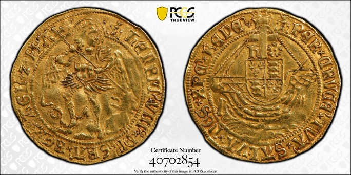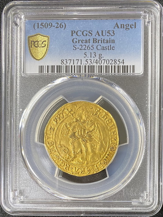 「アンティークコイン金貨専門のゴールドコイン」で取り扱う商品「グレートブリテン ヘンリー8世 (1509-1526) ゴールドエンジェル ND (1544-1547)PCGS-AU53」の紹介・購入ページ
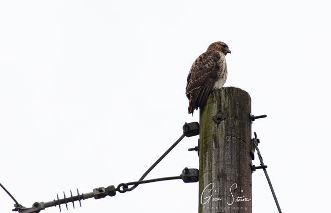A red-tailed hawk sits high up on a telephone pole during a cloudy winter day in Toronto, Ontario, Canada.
...
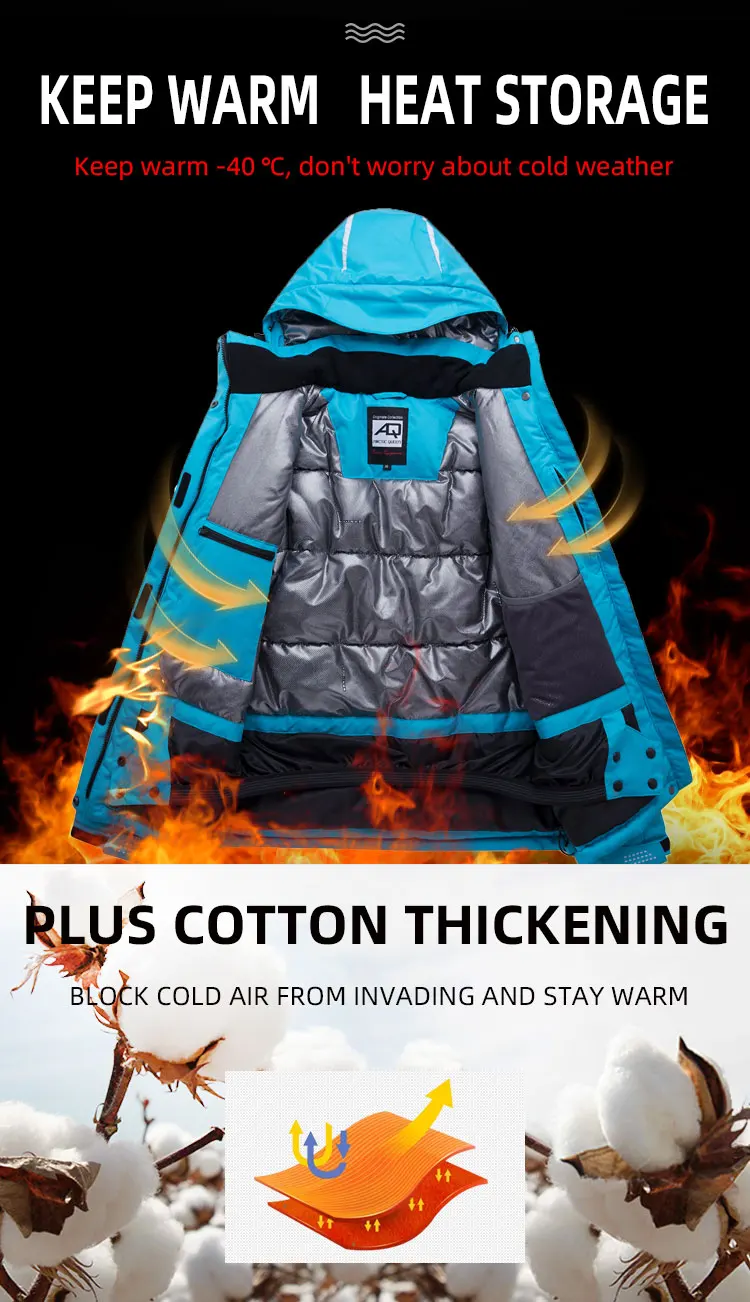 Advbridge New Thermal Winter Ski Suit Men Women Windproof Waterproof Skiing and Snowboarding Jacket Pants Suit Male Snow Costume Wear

Requirement ▸ In the records above, find the line with "ゴールドエンジェル ND (1544-1547)PCGS-AU53」の紹介・購入ページ". Print exactly from there through the line with "A red-tailed hawk", minus the pictures.

Reply to the task ▸
 「アンティークコイン金貨専門のゴールドコイン」で取り扱う商品「グレートブリテン ヘンリー8世 (1509-1526) ゴールドエンジェル ND (1544-1547)PCGS-AU53」の紹介・購入ページ
A red-tailed hawk sits high up on a telephone pole during a cloudy winter day in Toronto, Ontario, Canada.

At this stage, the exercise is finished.